Search code examples
pythonnumpyhistogram

What exactly does adding more bins into `np.histogram` do?


What exactly does adding more bins into np.histogram(data, bins=100) do? I know that it divides the data into the amount of bins you specify but what exactly does that entail? For example, I have a histogram and I plotted a best fit line to the histogram using scipy.curve_fit and when I increased the bins, it also increased the accuracy for my best fit line.


Solution

  • The following function illustrates the difference using matplotlib.
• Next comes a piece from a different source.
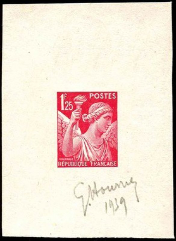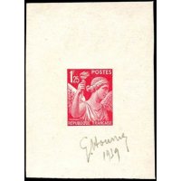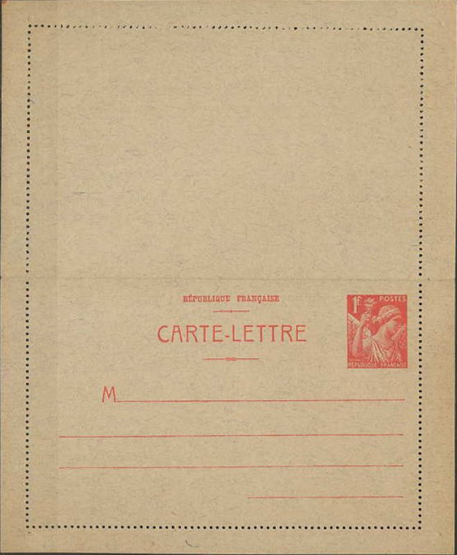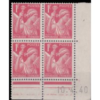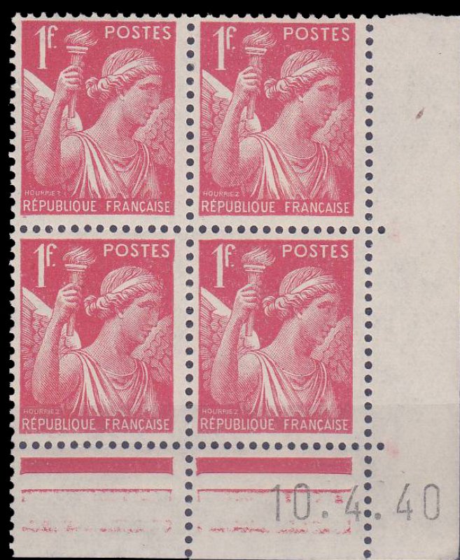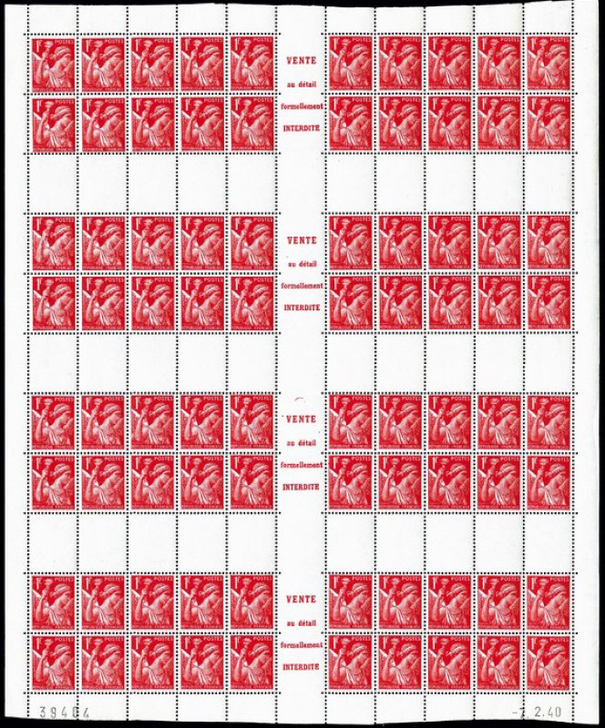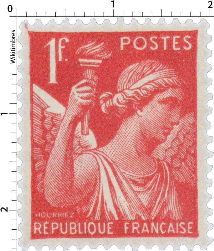 | Commentaire | 2e tarif Le timbre à 1 franc rouge de la série Iris, dessiné et gravé par Georges Hourriez, représente la déesse messagère de la mythologie grecque, symbole de communication adapté au contexte postal de la fin de la Troisième République. Imprimé en typographie rotative par feuilles de 100, il est dentelé 14 × 13½ et sert principalement à l'affranchissement de la lettre simple intérieure au tarif de juin 1940. Mis en service progressivement en zone occupée durant l'été 1940, avec des usages attestés dès juillet, il répond aux besoins nés de la division du territoire après l'armistice. Des tirages destinés à des carnets inaboutis ont été écoulés en feuilles de 80 à partir de mars 1941. |

The same data is plotted using 5 bins and 10 bins:

    import matplotlib.pyplot as plt
    def plot_histogram(num_bins):
        x = [1, 1, 2, 3, 3, 5, 7, 8, 9, 10,
             10, 11, 11, 13, 13, 15, 16, 17, 18, 18,
             18, 19, 20, 21, 21, 23, 24, 24, 25, 25,
             25, 25, 26, 26, 26, 27, 27, 27, 27, 27,
             29, 30, 30, 31, 33, 34, 34, 34, 35, 36,
             36, 37, 37, 38, 38, 39, 40, 41, 41, 42,
             43, 44, 45, 45, 46, 47, 48, 48, 49, 50,
             51, 52, 53, 54, 55, 55, 56, 57, 58, 60,
             61, 63, 64, 65, 66, 68, 70, 71, 72, 74,
             75, 77, 81, 83, 84, 87, 89, 90, 90, 91
             ]
    
        plt.hist(x, bins=num_bins)
        plt.title(f'{num_bins} bins')
        plt.show()
    
    plot_histogram(5)
    plot_histogram(10)
    

    enter image description here Above, there are 30 data points that have a value between 20 and 40.

    enter image description here Above, you have more detail. There are 19 data points between 20 and 30 and 11 data points between 30 and 40.